NYC’s Department of Consumer and Worker Protection (DCWP) may not be a household name, but it plays a key role in navigating these unaffordable times. By going after bad actors, it creates a market to let honest businesses flourish.
This is especially true given the Trump administration’s abdication of its consumer and worker protection responsibilities. According to the Consumer Financial Protection Bureau, New Yorkers filed 63% more complaints in 2025 than in 2024, totaling nearly 185,000. These complaints ranged from inaccurate credit reporting to improper credit card or bank fees, just a snapshot of how big companies take advantage of people when they think nobody is watching.

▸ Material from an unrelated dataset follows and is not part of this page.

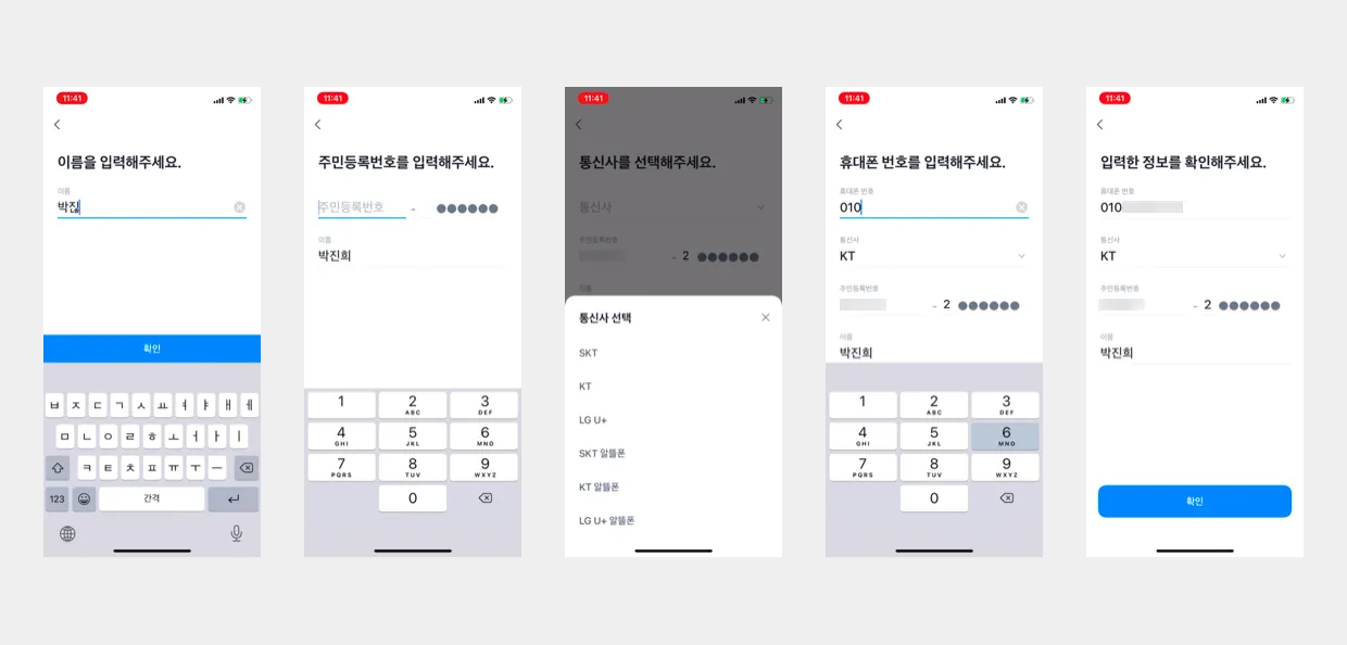 회원가입에 필요한 정보를 한 번에 노출하고 입력을 받을 수도 있지만 입력 폼을 단계적으로 노출하여 사용자의 부하를 낮춘다.

Without assistance from the federal government, we can’t afford to take DCWP for granted. If it lacks resources necessary to enforce consumer and worker laws, these protections become meaningless. We must ensure DCWP has the budget to tackle the difficult times ahead. Right now, that’s not the case.

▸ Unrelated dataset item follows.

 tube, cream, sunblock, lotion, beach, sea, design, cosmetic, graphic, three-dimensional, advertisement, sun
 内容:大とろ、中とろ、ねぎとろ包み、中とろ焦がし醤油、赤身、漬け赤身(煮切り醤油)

DCWP protects us at work and at the cash register. This includes the recently expanded Protect Time Off Law and Minimum Pay Rates for deliveristas, to debt collection protections and ensuring New Yorkers can pay in cash at stores and restaurants. It also operates the Office of Financial Empowerment, which provides free financial counseling through community-based organizations.

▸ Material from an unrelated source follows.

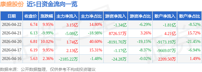 4月22日的资金流向数据方面,主力资金净流入3.15亿元,占总成交额14.8%,游资资金净流出1.34亿元,占总成交额6.29%,散户资金净流出1.81亿元,占总成交额8.52%。
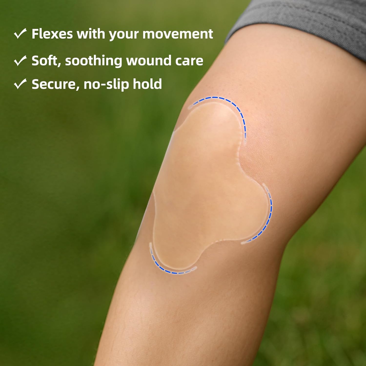 - UPGRADED GENTLE ADHESION - Stays secure on joints and high‑movement areas for up to 5–7 days with large hydrocolloid patches for wound care. Replace as needed based on wound condition.

DCWP’s value speaks for itself. In 2026 so far, it has collected nearly $6 million from companies that broke the law, more than $5 million of which goes directly to harmed New Yorkers in restitution. In 2025, it collected $38.9 million in penalties and restitution from one settlement alone.
The agency has also taken on fraudsters, like its case against a solar panel company that defrauded residents that could yield nearly $20 million. It has also announced new protections to help keep costs down for New Yorkers, including its country-leading debt collection protections.
Compared to its slim budget and staffing, DCWP has been punching well above its weight. But we can’t take its performance for granted. New Yorkers need a fully resourced DCWP.
On the campaign trail, Mayor Mamdami committed to doubling DCWP’s funding so it could scale up. Last year, the City Council passed laws to require approximately 300 new hires for DCWP. However, the preliminary budget, if adopted, would result in an 8% funding cut of an already-thin budget. Meanwhile, the Law Department, NYPD, and Department of Correction are slated for significant budget increases.
We can’t afford this underinvestment and we don’t have to. Increasing DCWP funding isn’t just necessary for consumer and worker protections, it’s also a sound investment. DCWP is one of few agencies whose staff are generating revenue through the financial penalties they impose on companies ripping us off. DCWP proves economic justice and return on investment are not mutually exclusive.
The city can both balance its books and pursue its policy agenda by increasing DCWP’s budget. The mayor’s campaign call to double the agency’s size isn’t just the right choice, it’s a smart one.
Epstein chairs the City Council Committee on Consumer and Worker Protection. Salas is a senior fellow with the advocacy group Protect Borrowers and a former DCWP commissioner.